To evaluate the heterogeneity of β-blocker treatment effects across various subgroups, a prespecified subgroup analysis was performed (Figure 4). The results indicated that the treatment effects of β-blocker remained consistent across most subgroups. We conducted a sensitivity analysis to examine the association between β-blocker use and postoperative sepsis using a competitive risk model. Fine-Gray subquantile risk regression was applied, treating in-hospital deaths as competing events, to analyze the impact of β-blocker use on sepsis risk. The results showed that the cumulative incidence of sepsis in the β-blocker use group was significantly lower than that in the control group (Supplementary Figure S4). In the competitive risk regression analysis, the adjusted subdistribution hazard ratio (SHR) for β-blocker use was 0.25 (95% CI: 0.22–0.28), suggesting an association between β-blocker use and reduced sepsis risk. Supplementary Figure S5 presented the dose-specific subgroup analyses. Both low and high doses of metoprolol were associated with lower postoperative sepsis compared with nonusers. This pattern was consistent across all measured outcomes, including in-hospital mortality, 28-day mortality, and 365-day mortality, where both dosing regimens showed protective effects but the magnitude of benefit was generally bigger in the low-dose group.

Figure 4
Forest plot showing odds ratios and hazard ratios for various variables affecting sepsis, hospital death, 28-day death, and 1-year death. Variables include age, BMI, myocardial infarction (MI), hypertension, atrial fibrillation (AF), chronic renal disease, diabetes, renal replacement therapy (RRT), and mechanical ventilation. The plot displays confidence intervals for each variable under different conditions using yellow, blue, black, and red markers for respective outcomes.

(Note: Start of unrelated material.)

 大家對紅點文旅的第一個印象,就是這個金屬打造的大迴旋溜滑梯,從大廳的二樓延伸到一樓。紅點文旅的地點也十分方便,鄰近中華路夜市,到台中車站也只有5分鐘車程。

Figure 4. Subgroup analysis of clinical outcomes associated with β-blocker treatment. MI, myocardial infarction; AF, atrial fibrillation; RRT, renal replacement therapy; OR, odds ratio; HR, hazard ratio.

4 Discussion

We conducted a retrospective study to investigate the impact of early postoperative β-blocker use on the occurrence and prognosis of sepsis. Our results revealed that early administration of beta-blockers was associated with a reduced incidence of sepsis after cardiac surgery, and improved inpatient mortality, 28-day mortality, and 1-year mortality rates. These associations remained robust after adjusting for confounding factors using three statistical methods, including PSM, IPTW, and OW. Moreover, subgroup analysis indicated that the beneficial effects of β-blocker were consistent across most patient populations. Sensitivity analyses using competing risk models confirmed the robustness of these associations. Dose-response analysis showed that both low and high doses of metoprolol were associated with reduced sepsis risk, with low-dose groups also demonstrating favorable trends in mortality outcomes. These findings suggest that early β-blocker therapy might be an effective strategy to reduce the risk of sepsis and improve prognosis during the perioperative period following cardiac surgery.

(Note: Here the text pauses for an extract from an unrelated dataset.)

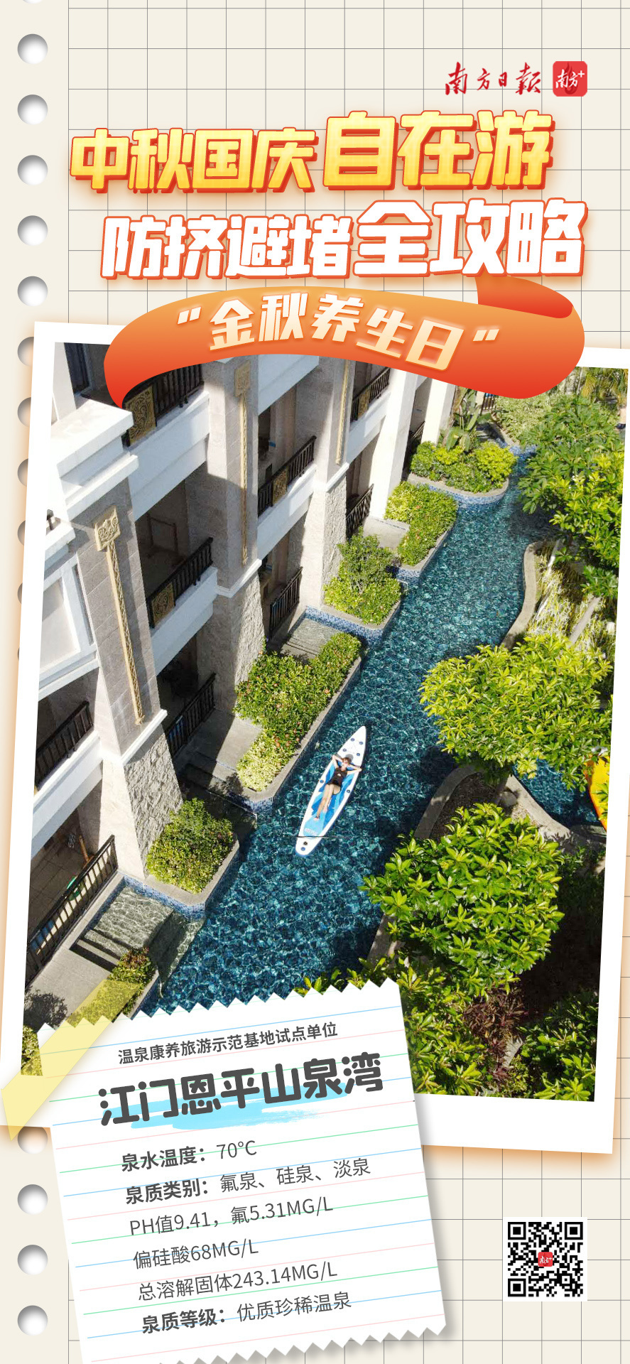 山泉湾温泉城作为广东省中医药文化养生旅游示范基地、省温泉康养旅游示范基地试点单位,依据温泉泉质及四季变化,在温泉区设置搭配不同中医养生浸浴药包的温泉池。国庆假期期间推出秋冬特色的艾叶池、枸杞池、首乌池、当归池等。客房配有恩平特色簕菜茶,供客人饮用,并推出簕菜沐浴粉等特色伴手礼。

Despite some advancements in reducing systemic inflammatory responses, such as improvements in CPB equipment, ultrafiltration/hemofiltration, and cytokine hemadsorption techniques, CPB-associated tissue/organ dysfunction and inflammatory complications, remain inadequately addressed (Mangoush et al., 2007; Dekker et al., 2020; Journois et al., 1994; Becker et al., 2023). Surgical site infections continue to pose a significant challenge, even with the implementation of various preventive measures targeting infection and bleeding control (Pradeep et al., 2021). Given the high mortality rate associated with sepsis (Rudd et al., 2020), identifying effective interventions to comprehensively address these critical postoperative complications is imperative.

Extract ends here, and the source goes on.